Just some brief thoughts while be prepare further articles. (Yes, it’s been slow again, but we’re doing important/cool stuff, like releasing games and getting published.)
Trailers. Like politicians, they don’t often tell us the truth about what they really represent. Sometimes they’re fascinating. Sometimes they’re boring. Sometimes they promise you change and deliver more of the same. Sometimes they say they’re for transparency and freedom of information and then they attack those values as soon as they’re in danger of being embarrassed or exposed as war criminals. OK, trailers don’t really do that. We’re getting off topic. So here’s three trailers we’ve recently watched and what they made us think.
The trailer for Source Code looks very promising. Moon, the director’s first film, was excellent, and this looks like a very ambitious, serious project. Great actors, an interesting premise, a talented director… yep, we’re hoping this will be a really good movie.
Cowboys and Aliens, on the other hand, is just confusing. The title sounds comedic, the trailer looks serious (apart from a very visible wire effect)… but it’s one of those trailers that really don’t tell you much about the movie. Jon Favreau is certainly not without talent, and the cast includes some actors we really adore (Harrison Ford!), but the trailer doesn’t really do much for us.

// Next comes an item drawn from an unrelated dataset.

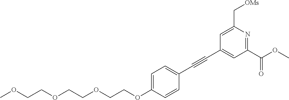 Methyl 4-((4-(bis(2-(2-(2-methoxyethoxy)ethoxy)ethyl)amino)phenyl)ethynyl)-6-(((methylsulfonyl)oxy)methyl)picolinate (I6)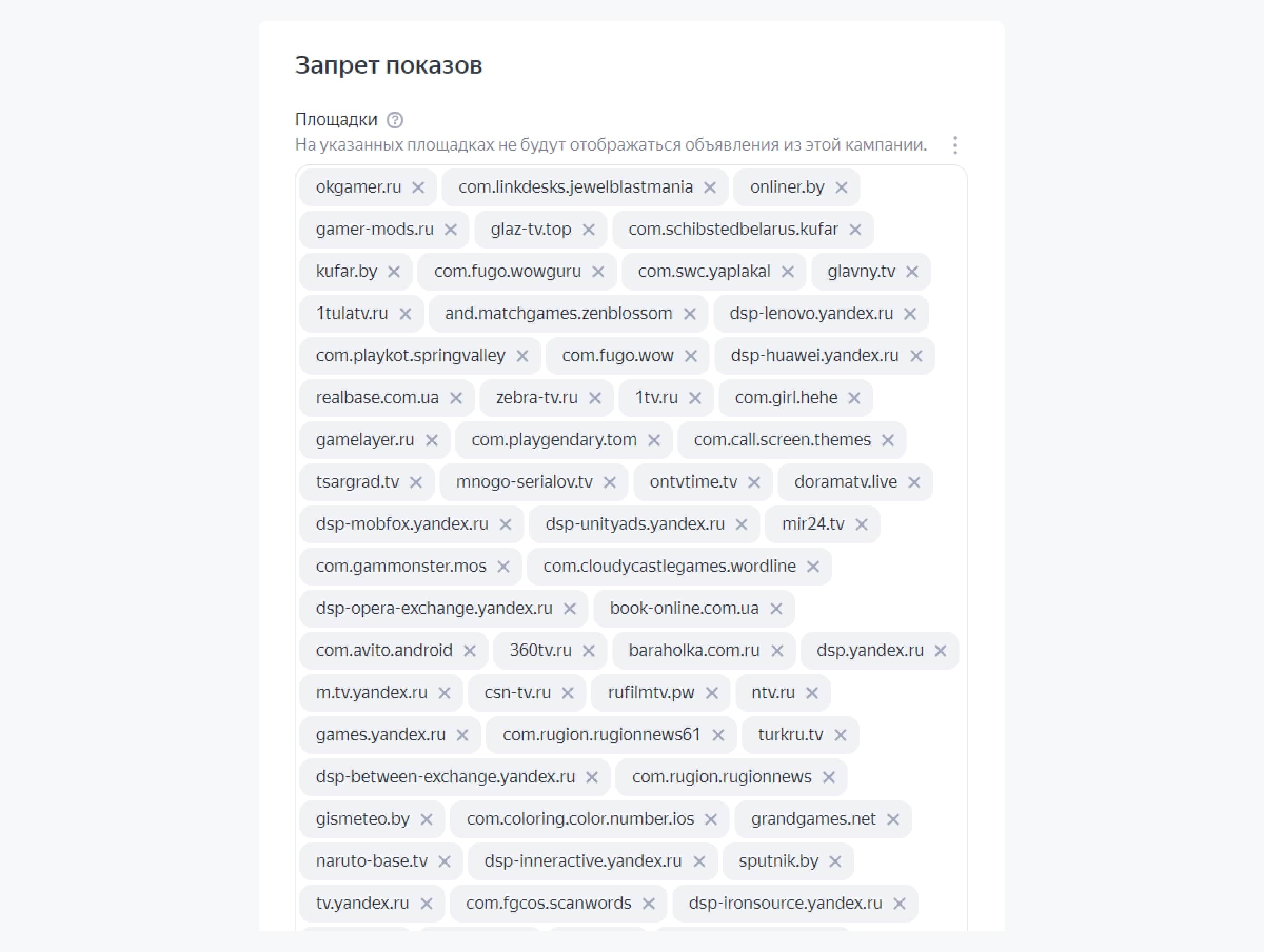 Немаловажным в рекламных кампаниях, ориентированных на показы в рекламной сети яндекса (РСЯ), является запрет площадок, такие как игровые, онлайн-тв, новости, приложения для смартфонов и другие. Они будут приводить много мусора и тратить деньги, поэтому от таких площадок избавились. Всего запрещенных площадок для SHEDLER в РСЯ более 600.

And then there’s The Beaver, whose trailer is the opposite of Cowboys and Aliens, telling us entirely too much about the movie. In fact, it looks like it’s a summary rather than a trailer. (Some of those scenes look like they’re from the end of the film!) But it’s not without promise, despite seemingly being another tiresome rich-people-are-so-unhappy movie. Controversies aside, Mel Gibson is a fine actor, and Jodie Foster is the kind of director who believes in her projects, so The Beaver might turn out to be better than all the tiresome jokes the reviews will inevitably be filled with.
(The horror that is Gulliver’s Travels shall not be mentioned.)